Buyers swap other meat and fish for chicken due to cost of living | New

Sales of all meat, fish and poultry categories except chicken have fallen over the past 12 weeks, new data from Kantar has revealed.

Chicken was the only major protein category to show growth in the 12 weeks to June 12, according to the latest data: Total meat, fish and poultry sales fell 5.2% year-on-year and 11.3% compared to two years ago.
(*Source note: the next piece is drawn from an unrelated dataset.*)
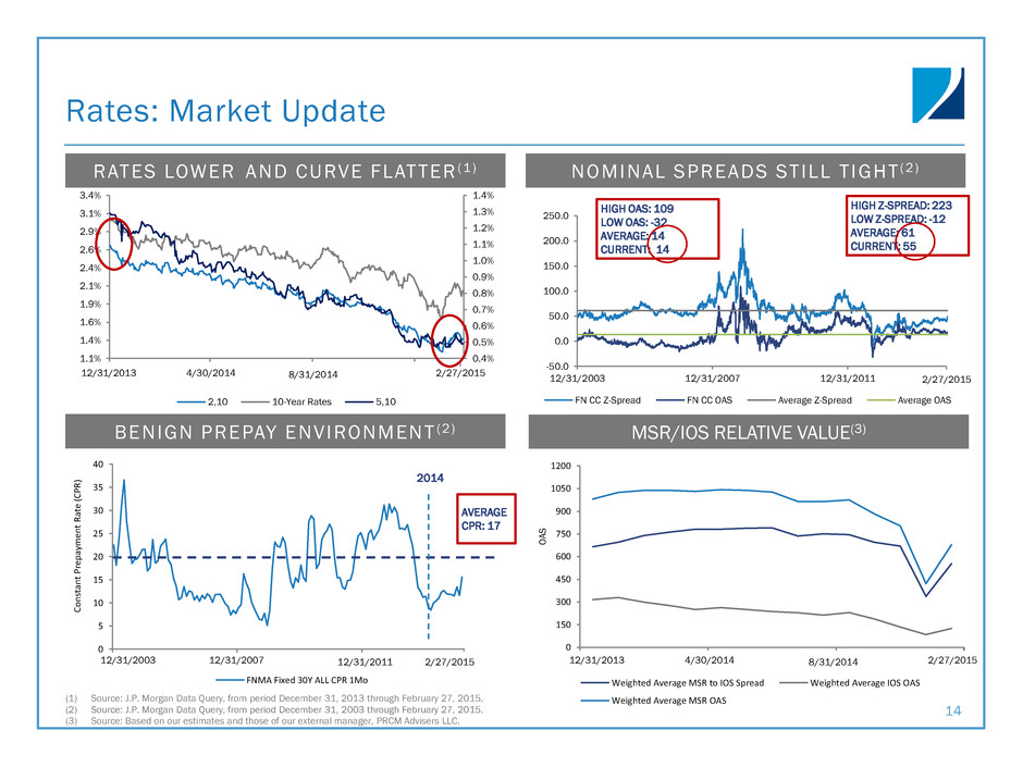 0.4% 0.5% 0.6% 0.7% 0.8% 0.9% 1.0% 1.1% 1.2% 1.3% 1.4% 1.1% 1.4% 1.6% 1.9% 2.1% 2.4% 2.6% 2.9% 3.1% 3.4% 12/31/2013 4/30/2014 8/31/2014 12/31/2014 2,10 10-Year Rates 5,10 0 150 300 450 600 750 900 1050 1200 O A S Weighted Average MSR to IOS Spread Weighted Average IOS OAS Weighted Average MSR OAS 0 5 10 15 20 25 30 35 40 C o n st an t P re p ay m en t R at e (CP R ) FNMA Fixed 30Y ALL CPR 1Mo BENIGN PREPAY ENVIRONMENT (2) Rates: Market Update 14 (1) Source: J.P. Morgan Data Query, from period December 31, 2013 through February 27, 2015. (2) Source: J.P. Morgan Data Query, from period December 31, 2003 through February 27, 2015. (3) Source: Based on our estimates and those of our external manager, PRCM Advisers LLC. RATES LOWER AND CURVE FLATTER (1) 2/27/2015 NOMINAL SPREADS ST ILL T IGHT (2) MSR/IOS RELATIVE VALUE(3) 2/27/2015 HIGH OAS: 109 LOW OAS: -32 AVERAGE: 14 CURRENT: 14 HIGH Z-SPREAD: 223 LOW Z-SPREAD: -12 AVERAGE: 61 CURRENT: 55 2/27/2015 2/27/2015 AVERAGE CPR: 17 2014 -50.0 0.0 50.0 100.0 150.0 200.0 250.0 12/31/2003 12/31/2007 12/31/2011 FN CC Z-Spread FN CC OAS Average Z-Spread Average OAS 12/31/2011 12/31/2003 12/31/2007 8/31/2014 4/30/2014 12/31/2013 8/31/2014 4/30/2014 12/31/2013

Chicken sales remained in the black, but rose only 0.6%. Kantar attributed this to the growing popularity of fresh processed poultry, which grew at a “healthy” rate of 2.4% as shoppers switched to cheaper protein. Total chicken volumes decreased by 9.7%.

“During previous periods when the standard of living has been reduced, there may be changes in the demand for different proteins,” said Glesni Phillips, data analyst at Meat Promotion Wales.

“All proteins are seeing increases in their average prices, but fish remains the most expensive protein, followed by lamb, and despite having one of the biggest price increases, chicken remains the least expensive protein. “

“Product choice is the primary way shoppers choose to manage inflation now, and so shoppers are switching between discounts in order to save money,” Phillips added.

Sales of beef, pork, lamb and fish all fell 7.7%, 5.9%, 14.4% and 8.0% in value respectively. Volume losses (13.7%, 10.6%, 23.7% and 11.6% respectively) were higher thanks to inflation.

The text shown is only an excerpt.